(ENTRIES SUPPLIED begins)

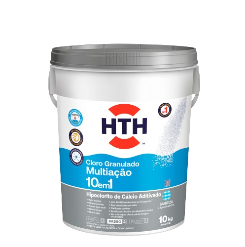O HTH™ Cloro Multiação 10 em 1 é multiação, elimina bactérias e fungos, dá brilho à água, pois intensifica sua cristalinidade, previne água verde e clarifica continuamente através da eliminação de micropartículas na filtração. O resultado é uma água de piscina tão pura e cristalina que até brilha
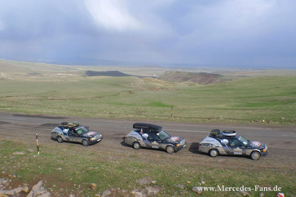 Das Mercedes-Benz Gebrauchtteile Center auf 6000 km Rallye - Rüstig statt rostig: Betagte E-Klassen nehmen an der urigen "Rallye Allgäu Orient" teil Über 6.000km bei der "Allgäu-Orient-Rallye" mit 20 Jahre alten Mercedes - deren Wert unter 1.000 EUR lieg
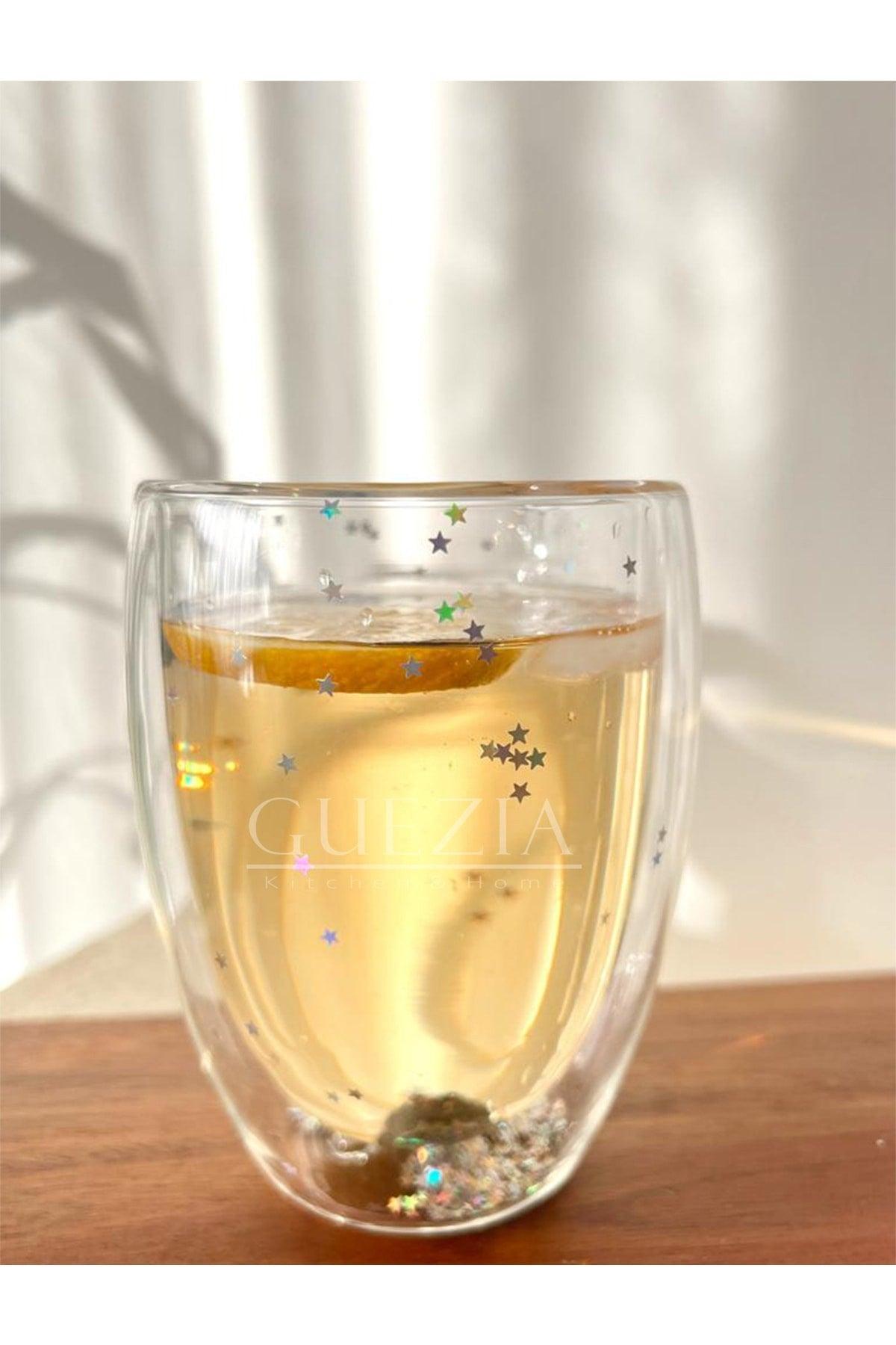 Borosilicato resistente al calore Glitter a doppia tazza di vetro a doppia parete | 1 pezzo | 350 ml
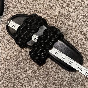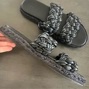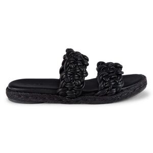 VINCE. Sullivan Braided Leather Flat Slide Sandals in Black, Size 7 or 8
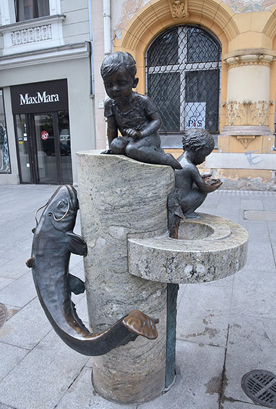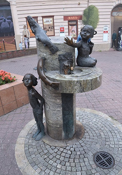 | 街上有多座以魚和孩童塑像構成的飲水台。 |
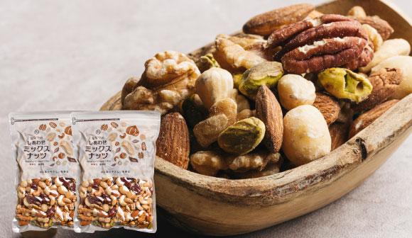 \受賞記念SALE/◆しあわせミックスナッツ 1kg (500g×2袋)大容量 無塩 無油 無添加 アーモンド カシューナッツ クルミ マカデミアナ
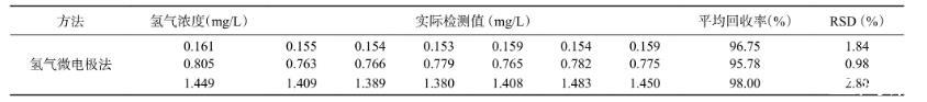 2.2.2準確度和精密度對氫氣濃度為0.1613、0.805、1.449 mg/L標準溶液使用氫氣微電極法進行檢測,平行測定6次。如表2所示,在0.161、0.805、1.449 mg/L添加水平,回收率分別為96.75%、95.78%和98.00%,說明準確度良好。相對標準偏差(RSD)分別為1.84%、0.98%和2.80%,均小于5%,說明精密度良好(表2)。
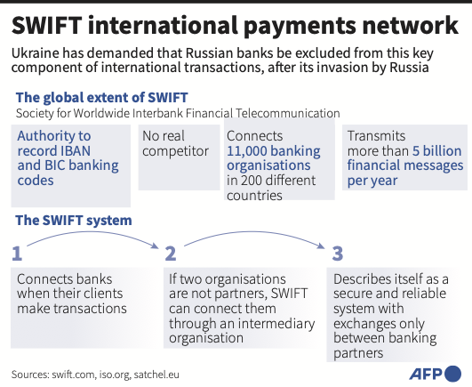 US President Joe Biden, for now, held off imposing some of the most severe sanctions, including cutting Russia out of the SWIFT payment system, which allows for the transfers of money from bank to bank around the globe. Ukraine’s president called for Russia to be cast out of SWIFT, but the US has expressed concern about the potential damage to European economies.
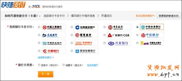 農行儲蓄卡快捷支付開通方法一:在支付過程中開通。
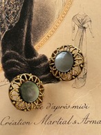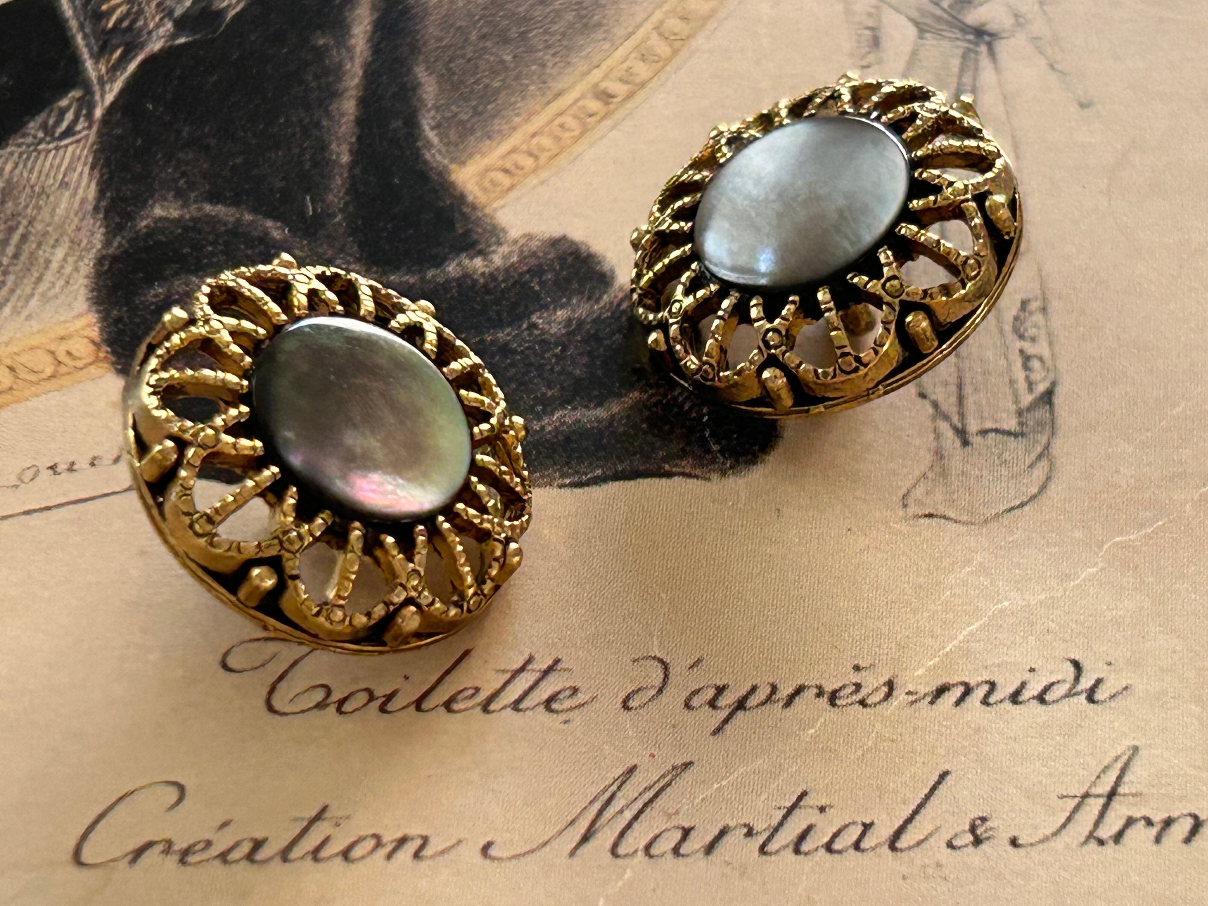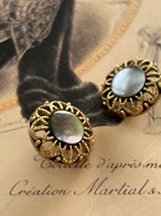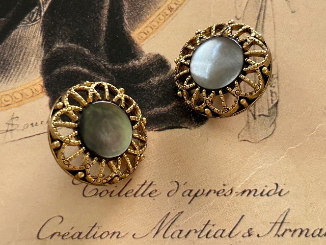 中央にシェルのカボション。エレガントなゴールドの透かしの台座

(ENTRIES SUPPLIED ends)

REQUIRED ACTION: From the line that contains "Das Mercedes-Benz Gebrauchtteile" down to the last line of the entries above, copy every line exactly and leave out the pictures.

REPLY TO THE EXERCISE:
 Das Mercedes-Benz Gebrauchtteile Center auf 6000 km Rallye - Rüstig statt rostig: Betagte E-Klassen nehmen an der urigen "Rallye Allgäu Orient" teil Über 6.000km bei der "Allgäu-Orient-Rallye" mit 20 Jahre alten Mercedes - deren Wert unter 1.000 EUR lieg
 Borosilicato resistente al calore Glitter a doppia tazza di vetro a doppia parete | 1 pezzo | 350 ml
 VINCE. Sullivan Braided Leather Flat Slide Sandals in Black, Size 7 or 8
 | 街上有多座以魚和孩童塑像構成的飲水台。 |
 \受賞記念SALE/◆しあわせミックスナッツ 1kg (500g×2袋)大容量 無塩 無油 無添加 アーモンド カシューナッツ クルミ マカデミアナ
 2.2.2準確度和精密度對氫氣濃度為0.1613、0.805、1.449 mg/L標準溶液使用氫氣微電極法進行檢測,平行測定6次。如表2所示,在0.161、0.805、1.449 mg/L添加水平,回收率分別為96.75%、95.78%和98.00%,說明準確度良好。相對標準偏差(RSD)分別為1.84%、0.98%和2.80%,均小于5%,說明精密度良好(表2)。
 US President Joe Biden, for now, held off imposing some of the most severe sanctions, including cutting Russia out of the SWIFT payment system, which allows for the transfers of money from bank to bank around the globe. Ukraine’s president called for Russia to be cast out of SWIFT, but the US has expressed concern about the potential damage to European economies.
 農行儲蓄卡快捷支付開通方法一:在支付過程中開通。
 中央にシェルのカボション。エレガントなゴールドの透かしの台座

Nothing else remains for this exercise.